Soon, they began meeting outside the library; she would find him when he went for walks around the lake, when he ate lunch outside alone, or when he went to the Quidditch pitch just to fly and enjoy the cool winter air and bright sun. It took a while, but soon they were talking like they had always been friends. It started with discussing homework, then school, friends, teachers, Christmas hols, summers at home, politics and the war. She wasn't anything like he had expected; quieter than he had thought, less hostile than he remembered, less the simpering follower.

Christmas hols arrived, and Harry stayed at Hogwarts as usual while she went home. They exchanged a couple letters, but it was when she arrived in the library their first week back, all large smiles and stories about her holiday that Harry realized how much he had missed her stories, her wit, her intelligence, how much he had missed her. It took four more library visits, three flights around the Quidditch pitch, two walks around the lake, and one snowball fight before he kissed her, her cheeks red from the cold, her eyes sparkling with laughter and snow in her hair. She looked stunned for a moment before she smiled, threw her arms around his neck and kissed him back.
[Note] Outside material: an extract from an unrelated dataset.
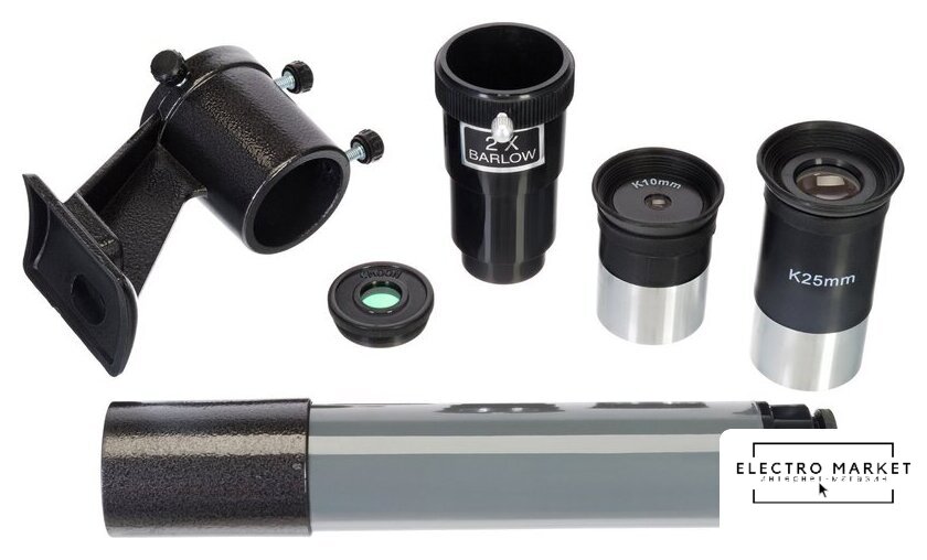 ахроматический рефрактор, диаметр: 70 мм, фокусное расстояние: 900 мм, относительное отверстие: 1/12.9, экваториальная (EQ) монтировка, окуляры 10 мм/25 мм

It took a month for Ron to talk to him again after Harry told him he was going out with a Slytherin, a month and a half before Malfoy stopped threatening her, pleading with her about how she could choose Potter, of all people, over him, and two months before everyone realized just how serious Harry was about this, how serious he was about her.

By May, they were both surrounded by friends. They sat cuddled on a couch in Gryffindor, talking and laughing, they played chess in Slytherin, talking politics and slowly, so slowly, changing prejudices. They loved it all. But every so often they could both be found sitting at a table in a back corner of the library, across from each other and focussed on homework, not speaking, but content with each other and with the quiet that reminded Harry, that when Pansy had sat down across from him that day in September and he didn't leave, that he had made the right choice in staying after all.